◆ Work to be completed ◆
The whole listing, please: repeat it exactly, with the pictures left out.

◆ Dataset extract ◆
-- -- --
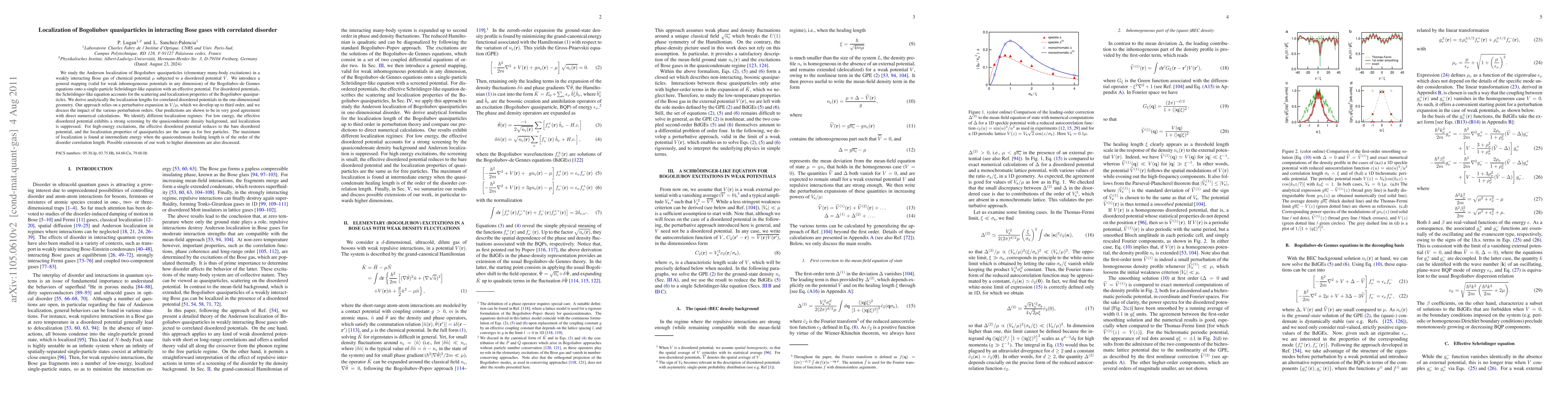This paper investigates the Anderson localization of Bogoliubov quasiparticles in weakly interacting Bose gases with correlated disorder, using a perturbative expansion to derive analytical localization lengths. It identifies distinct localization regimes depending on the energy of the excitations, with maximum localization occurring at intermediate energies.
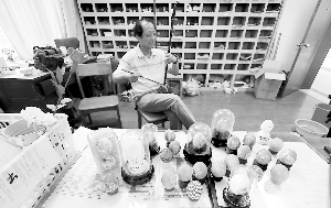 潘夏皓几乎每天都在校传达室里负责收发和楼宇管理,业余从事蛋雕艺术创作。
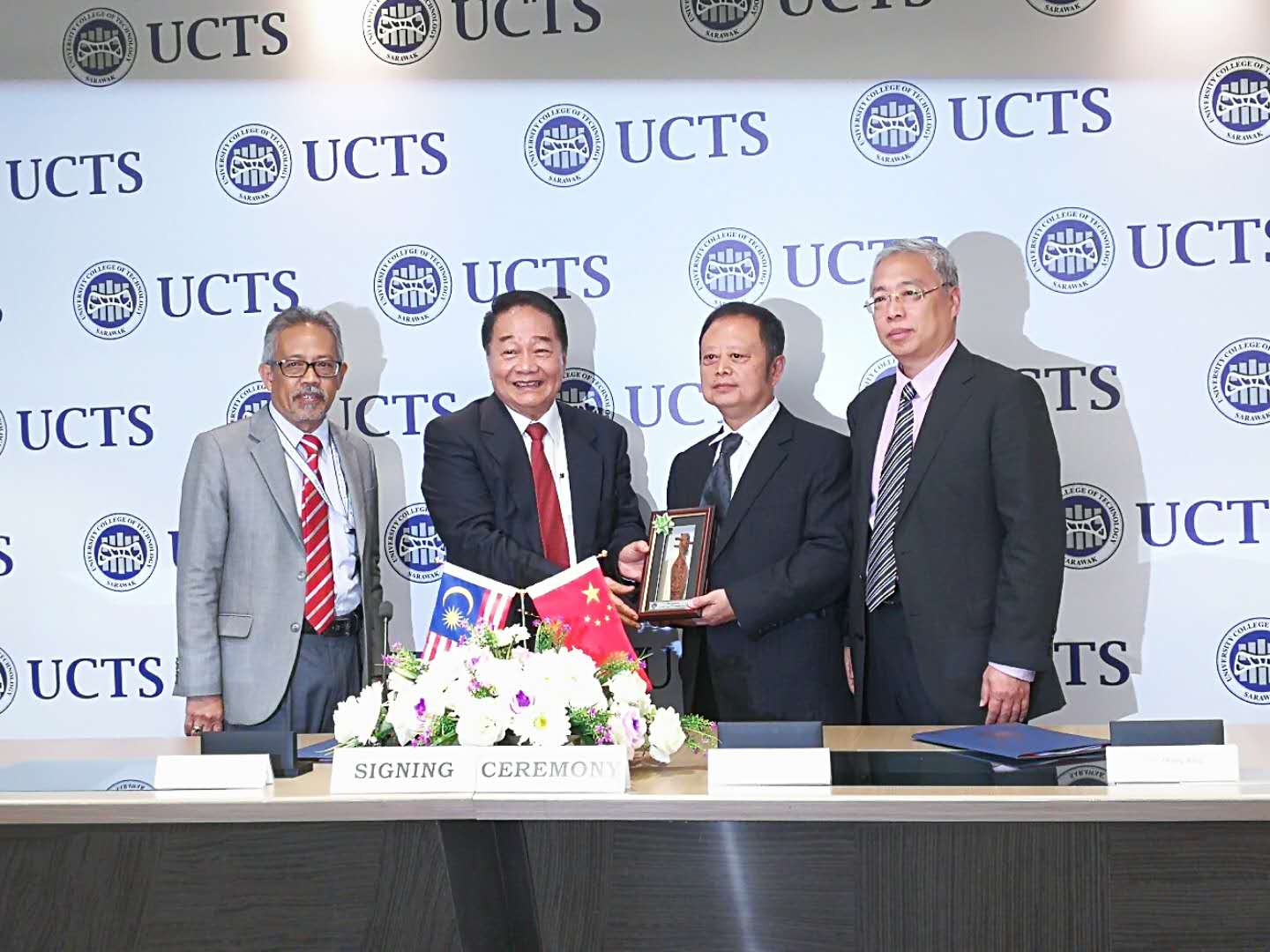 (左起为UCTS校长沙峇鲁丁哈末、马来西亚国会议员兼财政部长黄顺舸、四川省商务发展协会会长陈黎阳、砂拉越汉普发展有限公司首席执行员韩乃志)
-- -- --
◆ Result ◆
This paper investigates the Anderson localization of Bogoliubov quasiparticles in weakly interacting Bose gases with correlated disorder, using a perturbative expansion to derive analytical localization lengths. It identifies distinct localization regimes depending on the energy of the excitations, with maximum localization occurring at intermediate energies.
 潘夏皓几乎每天都在校传达室里负责收发和楼宇管理,业余从事蛋雕艺术创作。
 (左起为UCTS校长沙峇鲁丁哈末、马来西亚国会议员兼财政部长黄顺舸、四川省商务发展协会会长陈黎阳、砂拉越汉普发展有限公司首席执行员韩乃志)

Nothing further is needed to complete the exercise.